Alberta is entitled to 53 percent (about 334 billion dollars) of CPP assets if it leaves.
Stated by: Government of Alberta / LifeWorks 2023 report
Summary
The 53 percent figure comes from a 2023 report the Government of Alberta commissioned from LifeWorks, which applied one particular reading of the CPP withdrawal formula and arrived at roughly $334 billion. In December 2024 the federal Chief Actuary rejected that reading, noting it would hand provinces a mathematically impossible share if everyone left at once. The Chief Actuary's analysis aligned with economist Trevor Tombe's estimate of about 20 to 25 percent. Because the 53 percent figure was rejected by the federal Chief Actuary and sits well above those independent estimates, presenting it as Alberta's entitlement is misleading; no official figure has been agreed.
Evidence
The 2023 LifeWorks report commissioned by Alberta estimated the province could claim about 53 percent of base CPP assets, roughly $334 billion, on a January 2027 withdrawal.
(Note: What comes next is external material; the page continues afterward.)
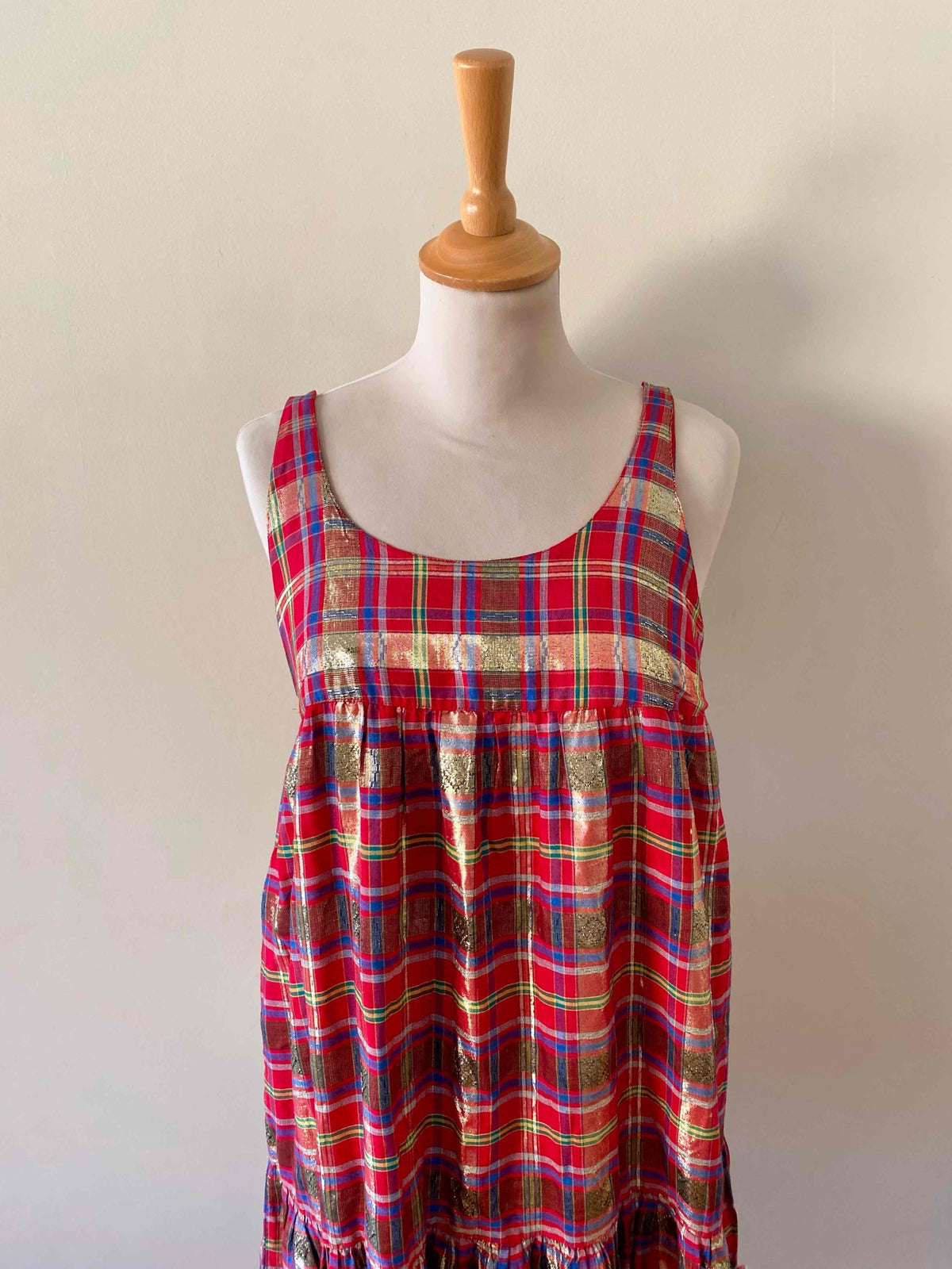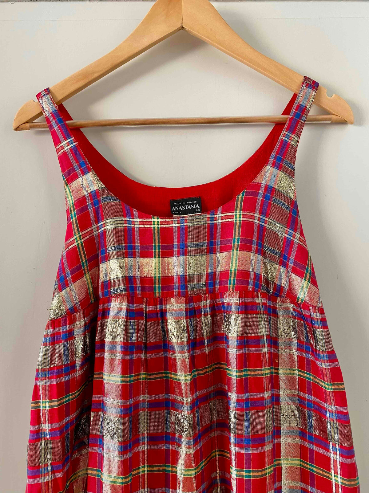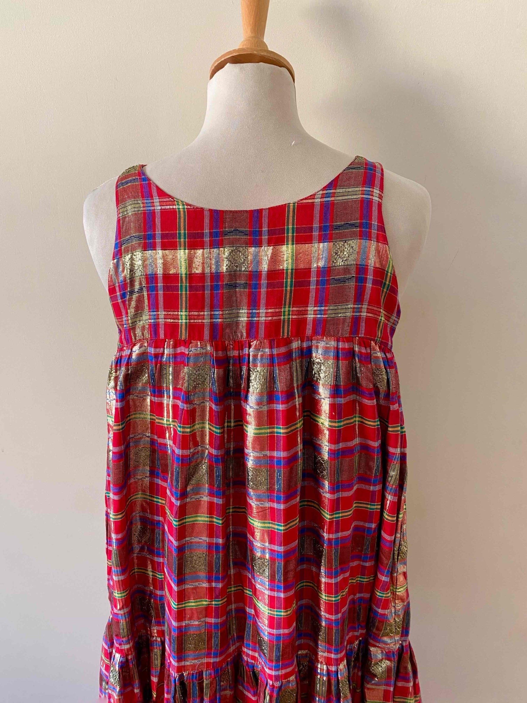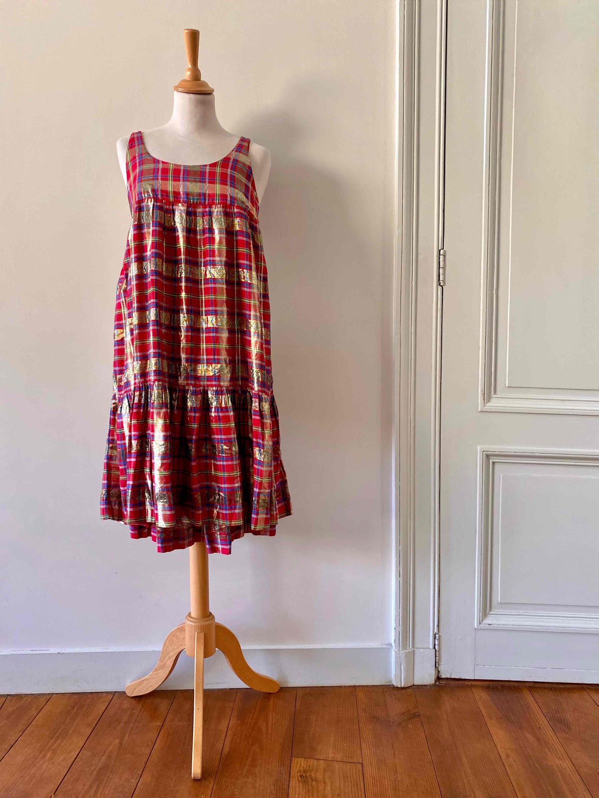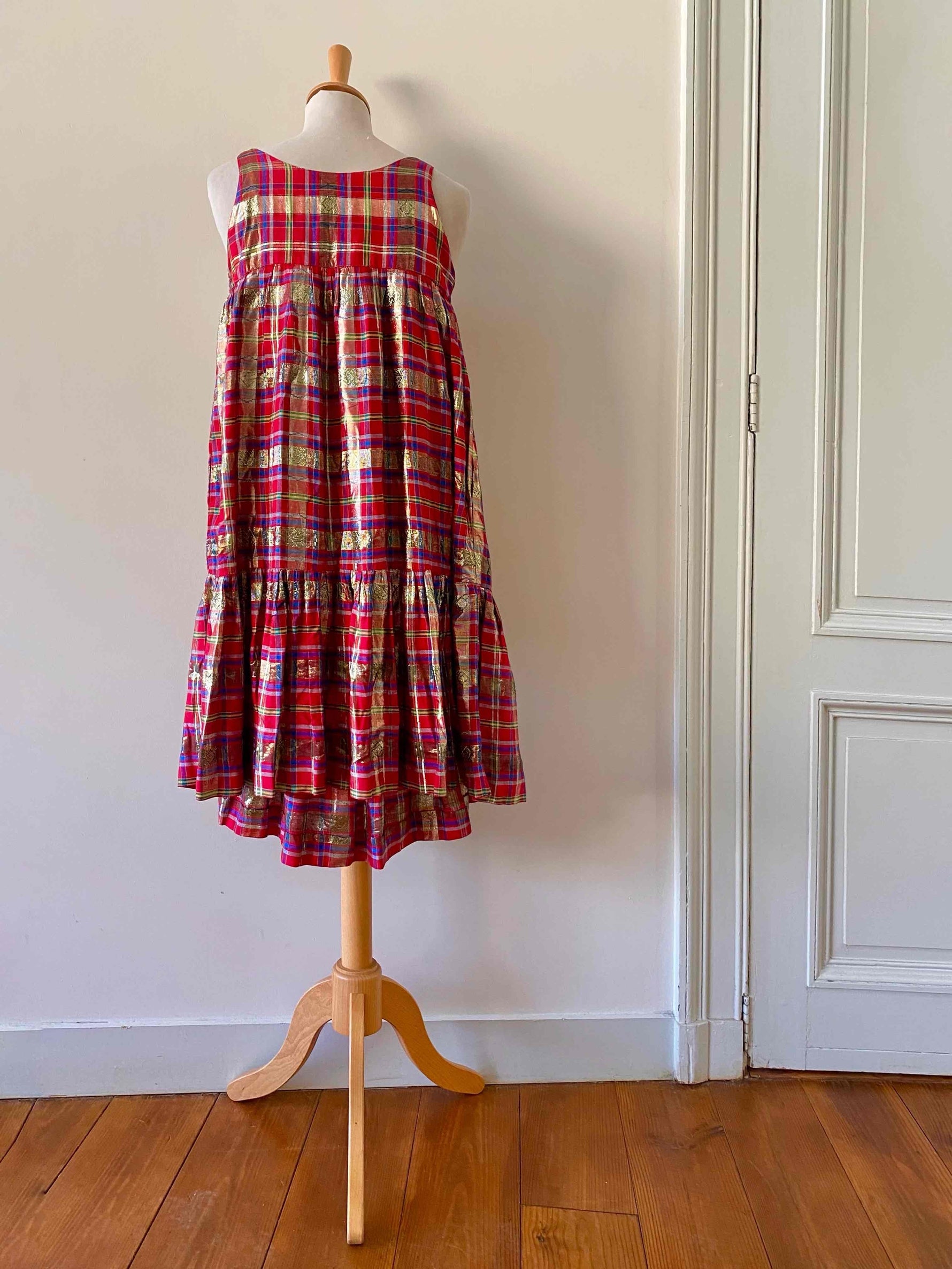 Prix unitaire parRobe vichy métallisée, en coton et lurex rouge et doré, carreaux tartans bleus et verts, forme chasuble trapèze à volants, fabriquée en France, taille 34 et 36 portée ici sur un mannequin T36, aisselles 41cm.

Government of Alberta (LifeWorks report, PDF) (opens in a new tab)
In December 2024 the federal Chief Actuary, Assia Billig, rejected the 53 percent interpretation; her finding tracked economist Trevor Tombe's estimate of roughly 20 to 25 percent of the plan.
Independent policy analysis treats the withdrawal entitlement as unsettled, since the Chief Actuary set out a method rather than an agreed dollar figure.